The concat scoring method is commonly done by concatenating one encoder hidden state vector and one decoder hidden state vector, and making that the input to a feed forward neural network. This network has a single hidden layer and outputs a score. The weights (i.e., $W_a$ and $V_a$) of this network are learned during the training process.

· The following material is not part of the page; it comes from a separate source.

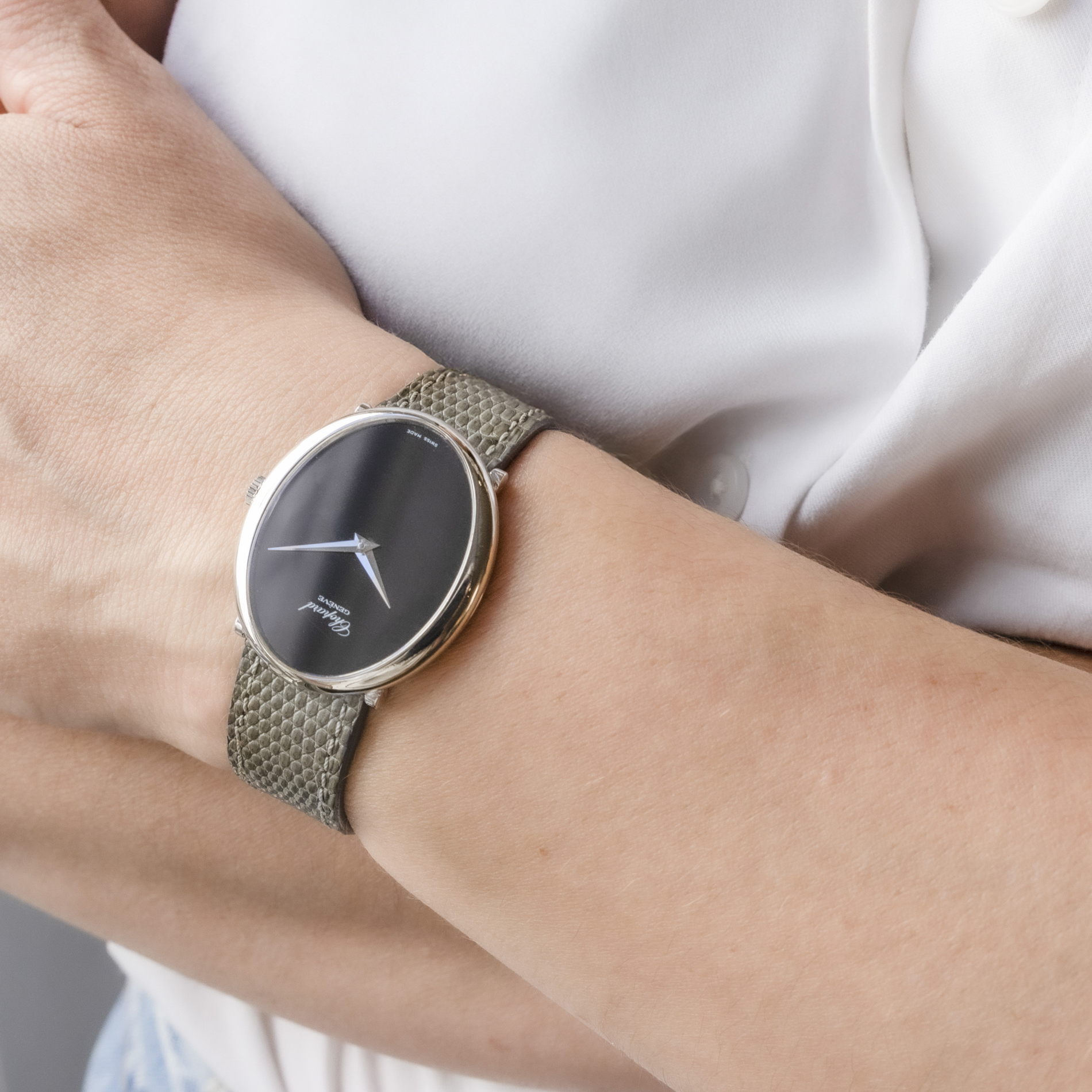 Ellipse watch in white gold, signed and numbered. Cartier gold folding clasp.

In the above example, we only calculate the attention score for one encoder hidden state. The attention scores for other encoder hidden states are calculated in exact the same way. This calculation is formalized as below:

<font size='4'>$$ v^T_a tanh\left(W_a[S^{T}_{t};\overline h_{t^{'}}]\right)  $$</font>

This concat method is very similar to the scoring method from the Bahdanau paper, which is shown below: 
    
<font size='4'>$$ v^T_a tanh\left(W_aS^{T}_{t-1} + U_a \overline h_{t^{'}}\right)  $$</font>

In the Bahdanau paper, there are two major differences:
1. It uses two weight matrices instead of one, each is applied to the respective vector.
2. It uses hidden state from the previous timestep at the decoder instead of hidden state from current timestep.
    * Actually, using hidden state from previous timestep and the one from current timestep are both legitimate choices. However, it would be better using hidden state from previous timestep to calculate context vector if you want to feed the context vector into the RNN cell of decoder. While using hidden state from current timestep might be a better choice if you want to feed the context vector into the dense layer.